Opinion Article - Journal of Pain Management and Therapy (2024) Volume 8, Issue 3
Spinal pain and physical therapy: Enhancing recovery through exercise and rehabilitation
Raphael Can *
Department of Health Policy and Management, York University, Canada
- *Corresponding Author:
- Raphael Can
Department of Health Policy and Management, York University, Canada
E-mail: rakei2can@yorku.ca
Received: 26-Apr-2024, Manuscript No. AAPMT-24-143336; Editor assigned: 29-Apr-2024, PreQC No. AAPMT-24-143336 (PQ); Reviewed: 13-May-2024, QC No. AAPMT-24-143336; Revised: 17-May-2024, Manuscript No. AAPMT-24-143336 (R); Published: 24-May-2024, DOI:10.35841/aapmt-8.3.206
Citation: : Can Raphael. Spinal pain and physical therapy: Enhancing recovery through exercise and rehabilitation. J Pain Manage Ther. 2024;8(3):206.
Introduction
Spinal pain is a common and often debilitating condition that affects millions of people worldwide. Whether it's caused by a herniated disc, degenerative disc disease, spinal stenosis, or muscle strain, spinal pain can significantly impact one’s quality of life. While medication and surgical options are traditional treatment routes, physical therapy has emerged as a cornerstone of effective spinal pain management. Through targeted exercises and rehabilitation techniques, physical therapy aims to alleviate pain, restore function, and prevent future injury. This article explores how physical therapy can enhance recovery from spinal pain and discusses various approaches to optimizing rehabilitation [1, 2].

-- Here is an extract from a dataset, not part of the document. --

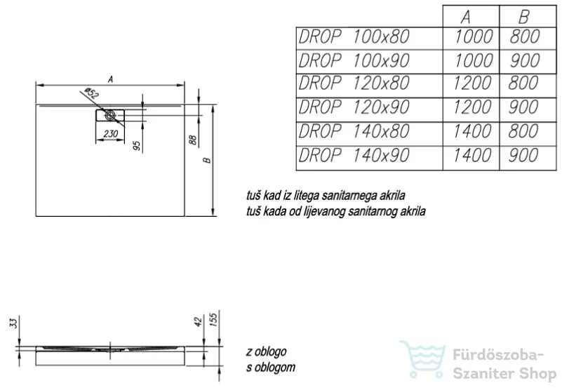 Extra erősítés a 100% öntött szaniter akril zuhanytálcáknál

Spinal pain can originate from various structures within the spine, including discs, nerves, muscles, and vertebrae. The pain can be acute or chronic, localized or radiating, and it often affects the cervical (neck), thoracic (mid-back), or lumbar (lower back) regions. When the soft inner core of a disc bulges through a tear in the outer layer, it can press on nearby nerves, causing pain, numbness, or weakness. As discs age, they lose hydration and elasticity, leading to reduced cushioning and increased friction between vertebrae. Narrowing of the spinal canal can compress the spinal cord or nerves, resulting in pain, numbness, or weakness, particularly in the legs. Overuse, poor posture, or sudden movements can strain muscles and ligaments, leading to acute pain and limited movement [3, 4].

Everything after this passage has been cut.